Of course, where to start debugging a library which is officially encrypted? Well, in the distant past some people already wrote a decrypt program for the pci.library (the background story of the 'why' is also interesting, but maybe for some other time).
After a bit of digging the culprit was found (and accidentally, also the spider recognition code. Again, another story).
The Sonnet is a PCI card based on the MPC107 chip set, also known as the TSi107 chip set (at least mine is). This makes the Sonnet actually a non-transparent PCI-bridge. This means that the Amiga cannot directly communicate with the resources on the card.
To achieve this, these kind of PCI-bridges have address translation units (ATUs) on board so you can address the card through PCI memory. This is different from 'normal' PCI cards.
The Mediator treats the Sonnet as a normal PCI card. It writes all ones to the Base Address Registers (BARs) of all the PCI cards it can find. The PCI card responds with setting up a mask in the BAR to indicate how big the needed address space is. This will be allocated in PCI memory by the Mediator.
However, BAR0 of the Sonnet is actually an ATU. Writing all ones to this register does not result in what the Mediator expects.
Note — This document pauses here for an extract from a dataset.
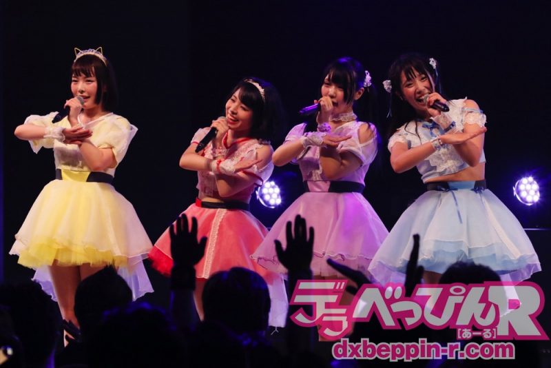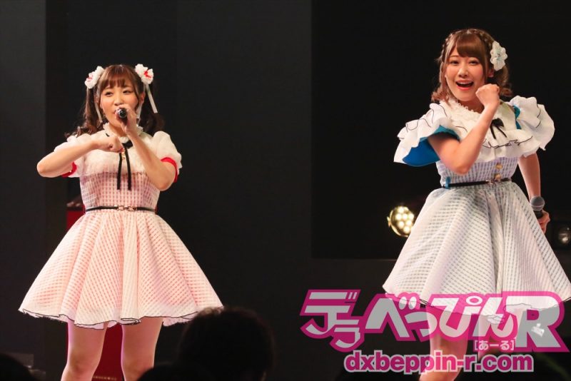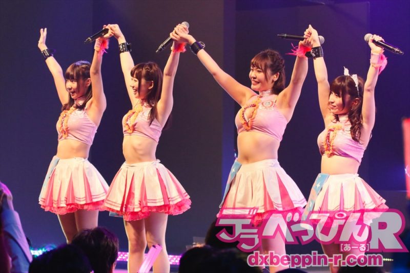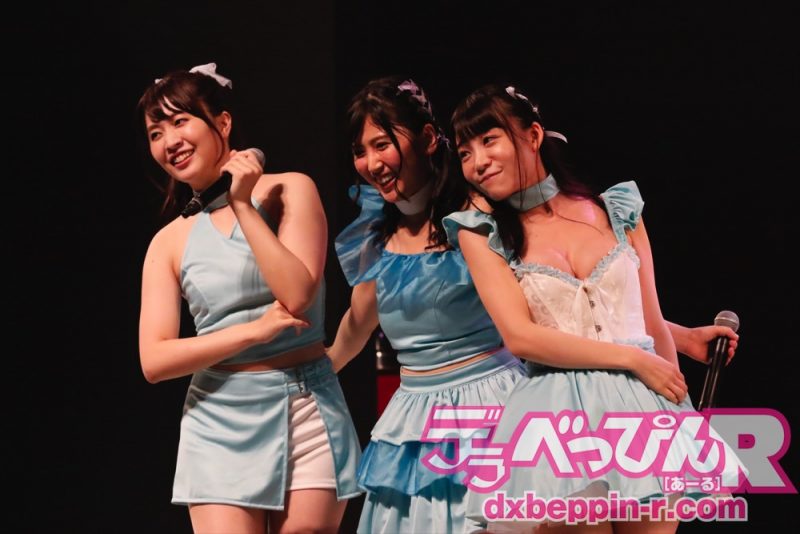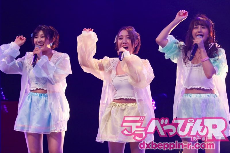 3年連続の出場となるラブリーポップス(愛原れの、星空もあ、市橋えりな)は新衣裳で登場! 『Dancing tonight』、『等身大lalaラブソング』、『ねこにゃんにゃん』と定番曲を披露。完成度の高いパフォーマンスをみせてくれました。

The value returned causes an infinite loop in the Mediator as it cannot allocate the appropriate size of memory it thinks it needs by reading back the ATU.
We insert some code to skip BAR0 if the PCI Vendor/ID matches the Sonnet and we add the approriate info to the vendors.txt file... et voila:
The Mediator reads all the values in one go and stores them inside a big array. As you can see, I inserted a dummy value for Memspace0 (BAR0) in this array.
Now we have the card detected without crashing, we are going to try to get it to execute code. The next task is to read up on how to program the MPC107 chip set. That's for another day.